What does Scotland’s budget mean for housebuilders?

December 16, 2016 / Isla MacFarlane
What does Scotland’s budget mean for housebuilders?

The Scottish government reiterated ambitious plans for housing in its draft budget, with a commitment of over £3 billion to deliver 50,000 affordable homes over the five years.

Government investment in housing, in partnership with councils, housing associations and developers, will, on average, leverage economic activity in the region of £1.7 billion per year, supporting around 14,000 jobs in the construction and related industries in Scotland.

However, industry commentators are cynical over the government’s ability to follow through. “The Scottish Government recognises the need to increase the delivery of new homes for the benefit of Scotland’s communities and economic growth but there is little in today’s statement to make this happen,” said Homes for Scotland Chief Executive Nicola Barclay.
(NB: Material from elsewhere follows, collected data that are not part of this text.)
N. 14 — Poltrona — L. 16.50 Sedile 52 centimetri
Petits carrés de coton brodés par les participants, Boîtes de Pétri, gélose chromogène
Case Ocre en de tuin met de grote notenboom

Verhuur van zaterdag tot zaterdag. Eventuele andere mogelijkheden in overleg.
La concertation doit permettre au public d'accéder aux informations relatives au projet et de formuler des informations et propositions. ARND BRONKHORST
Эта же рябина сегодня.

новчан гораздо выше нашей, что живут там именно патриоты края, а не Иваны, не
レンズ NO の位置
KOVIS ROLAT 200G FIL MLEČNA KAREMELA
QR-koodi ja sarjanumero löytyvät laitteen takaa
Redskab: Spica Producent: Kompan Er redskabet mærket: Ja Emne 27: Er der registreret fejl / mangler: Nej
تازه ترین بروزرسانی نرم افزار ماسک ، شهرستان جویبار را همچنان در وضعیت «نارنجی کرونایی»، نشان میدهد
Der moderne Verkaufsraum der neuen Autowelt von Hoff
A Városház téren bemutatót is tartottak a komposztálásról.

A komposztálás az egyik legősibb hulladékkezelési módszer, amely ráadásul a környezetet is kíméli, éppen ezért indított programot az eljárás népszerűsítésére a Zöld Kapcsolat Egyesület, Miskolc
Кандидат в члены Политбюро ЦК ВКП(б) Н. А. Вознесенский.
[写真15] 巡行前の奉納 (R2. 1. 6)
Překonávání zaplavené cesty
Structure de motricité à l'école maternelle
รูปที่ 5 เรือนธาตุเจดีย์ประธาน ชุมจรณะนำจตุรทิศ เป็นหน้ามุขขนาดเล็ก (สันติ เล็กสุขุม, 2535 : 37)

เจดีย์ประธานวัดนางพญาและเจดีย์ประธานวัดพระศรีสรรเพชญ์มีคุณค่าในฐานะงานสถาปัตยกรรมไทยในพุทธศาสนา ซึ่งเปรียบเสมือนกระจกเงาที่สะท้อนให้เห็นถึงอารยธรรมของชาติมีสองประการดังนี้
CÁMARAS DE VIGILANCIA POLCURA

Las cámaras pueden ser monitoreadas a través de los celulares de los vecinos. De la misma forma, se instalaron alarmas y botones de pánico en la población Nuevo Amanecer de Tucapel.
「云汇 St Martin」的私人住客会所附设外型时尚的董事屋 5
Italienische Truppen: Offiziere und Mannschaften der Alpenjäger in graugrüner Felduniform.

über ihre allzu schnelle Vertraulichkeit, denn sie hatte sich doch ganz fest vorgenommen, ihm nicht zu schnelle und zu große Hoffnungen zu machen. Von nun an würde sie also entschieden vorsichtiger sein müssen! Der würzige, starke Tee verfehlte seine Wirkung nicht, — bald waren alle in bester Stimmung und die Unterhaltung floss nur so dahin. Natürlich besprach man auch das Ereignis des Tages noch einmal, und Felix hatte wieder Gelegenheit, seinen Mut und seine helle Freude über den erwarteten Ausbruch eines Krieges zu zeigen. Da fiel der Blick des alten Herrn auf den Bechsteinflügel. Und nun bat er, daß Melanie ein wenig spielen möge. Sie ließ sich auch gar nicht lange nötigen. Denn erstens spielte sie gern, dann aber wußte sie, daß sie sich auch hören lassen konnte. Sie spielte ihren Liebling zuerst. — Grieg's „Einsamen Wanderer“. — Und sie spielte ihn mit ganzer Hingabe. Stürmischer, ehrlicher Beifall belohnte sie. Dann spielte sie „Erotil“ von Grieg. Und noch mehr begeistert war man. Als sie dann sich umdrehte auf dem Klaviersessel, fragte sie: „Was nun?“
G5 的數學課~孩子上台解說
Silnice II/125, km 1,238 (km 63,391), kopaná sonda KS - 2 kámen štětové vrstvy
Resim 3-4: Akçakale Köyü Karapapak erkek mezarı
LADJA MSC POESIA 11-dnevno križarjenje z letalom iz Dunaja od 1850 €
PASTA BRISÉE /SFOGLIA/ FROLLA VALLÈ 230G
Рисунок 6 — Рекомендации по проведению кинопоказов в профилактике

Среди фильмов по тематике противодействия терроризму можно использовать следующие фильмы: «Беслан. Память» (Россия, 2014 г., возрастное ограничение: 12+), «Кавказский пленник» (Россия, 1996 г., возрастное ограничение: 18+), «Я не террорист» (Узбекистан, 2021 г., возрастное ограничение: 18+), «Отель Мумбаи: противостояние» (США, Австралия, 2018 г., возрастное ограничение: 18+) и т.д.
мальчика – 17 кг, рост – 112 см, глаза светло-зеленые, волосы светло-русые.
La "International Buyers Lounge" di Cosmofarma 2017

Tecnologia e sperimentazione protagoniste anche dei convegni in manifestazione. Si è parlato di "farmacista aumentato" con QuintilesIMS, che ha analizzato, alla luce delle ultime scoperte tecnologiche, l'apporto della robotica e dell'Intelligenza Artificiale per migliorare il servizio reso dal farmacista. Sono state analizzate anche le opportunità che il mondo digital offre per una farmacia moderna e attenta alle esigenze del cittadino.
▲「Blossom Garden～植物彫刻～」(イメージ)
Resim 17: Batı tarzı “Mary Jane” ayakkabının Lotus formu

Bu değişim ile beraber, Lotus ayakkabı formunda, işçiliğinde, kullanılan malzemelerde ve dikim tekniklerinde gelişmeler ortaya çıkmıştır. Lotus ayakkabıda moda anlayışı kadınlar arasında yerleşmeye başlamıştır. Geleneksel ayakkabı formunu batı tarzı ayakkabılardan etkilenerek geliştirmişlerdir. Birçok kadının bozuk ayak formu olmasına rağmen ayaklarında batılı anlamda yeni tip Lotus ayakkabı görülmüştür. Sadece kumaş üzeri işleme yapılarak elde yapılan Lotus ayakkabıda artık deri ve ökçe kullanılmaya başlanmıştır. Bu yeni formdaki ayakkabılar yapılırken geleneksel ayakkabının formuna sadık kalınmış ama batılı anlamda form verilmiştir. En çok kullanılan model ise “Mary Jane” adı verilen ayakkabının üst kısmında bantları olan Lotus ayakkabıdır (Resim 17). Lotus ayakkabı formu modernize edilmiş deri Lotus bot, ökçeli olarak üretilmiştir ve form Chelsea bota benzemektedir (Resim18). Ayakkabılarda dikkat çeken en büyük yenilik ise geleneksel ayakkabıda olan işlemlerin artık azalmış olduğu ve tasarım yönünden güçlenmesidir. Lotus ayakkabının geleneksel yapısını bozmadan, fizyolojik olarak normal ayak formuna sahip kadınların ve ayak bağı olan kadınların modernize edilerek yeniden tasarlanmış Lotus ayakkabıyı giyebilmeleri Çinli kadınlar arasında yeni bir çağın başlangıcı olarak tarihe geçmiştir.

“Whilst there is generous capital spend on the delivery of affordable homes, which is welcomed, our members tell us that it is harder than ever to commence new sites and get much needed homes of all tenures out of the ground,” she added.

In particular, the industry was disappointed that none of the £800m of capital budget consequentials from the Autumn Statement will be used to unlock development in Scotland, especially in relation to the provision of education infrastructure which is now one of the biggest blockers to housing delivery.

“We had requested the Scottish Government extend the five per cent banding of the Land & Buildings Transaction Tax given the impact this is having on house purchases above the current £325k ceiling,” Barclay said. “Whilst we fully support the Scottish government’s aim of helping First Time Buyers, we must ensure that the property ladder functions at all levels. When aspirational buyers choose not to move, this prevents others further down the ladder from being able to do so.

The proposal to ‘modernise compulsory purchase orders to ensure vacant and derelict land can be brought into use for communities’ received a warmer reception. “It is right that positive opportunities to intervene are fully explored for sites where landowners would struggle to bring development forward without support,” said Barclay. “This echoes Homes for Scotland’s views on the need to prioritise positive interventions over financial penalties which would be unlikely to help unviable sites.

“We also look forward to seeing the detail of the SME Holding Fund as we recognize that the SME sector of the housing industry has been disproportionately impacted by the downturn and requires support if it is going to grow and help deliver the many thousands of homes this country needs.”

The Draft Budget 2017-18 also made available over £100 million for the Home Energy Efficiency Programmes for Scotland (HEEPS), to help improve the condition of Scotland’s homes as part of its commitment to make half a billion pounds available to support Scotland’s Energy Efficiency Programme (SEEP) over the next four years.

“The Scottish Government is right to recognise the importance of investing in our existing housing stock,” said Gordon Nelson, Director of FMB Scotland. “Scottish homes are amongst the oldest and least energy-efficient in Europe. They are in urgent need of upgrading.

“The latest figures show that 748,000 Scottish households are fuel poor, and over a quarter of our country’s CO2 emissions come from residential buildings. This underlines how important it is to bring our existing homes up to scratch. Added to this, there is a much wider range of benefits, to health, job creation and economic growth, which will follow from this investment. Given that only a few months ago, Theresa May scrapped the Department for Energy and Climate Change, leaving Westminster without strong advocates for energy efficiency investment, it is fair to say that Scotland is now leading the UK on this issue.

“When seen alongside the firm commitment to invest in infrastructure and a desire to focus on house building, it is clear that the Finance Minister is under no illusions about the economic challenges the country faces. We hope that the announcements made today mark the start of a serious programme of investment, so that Scotland can build the world class homes and infrastructure it needs in these uncertain times.”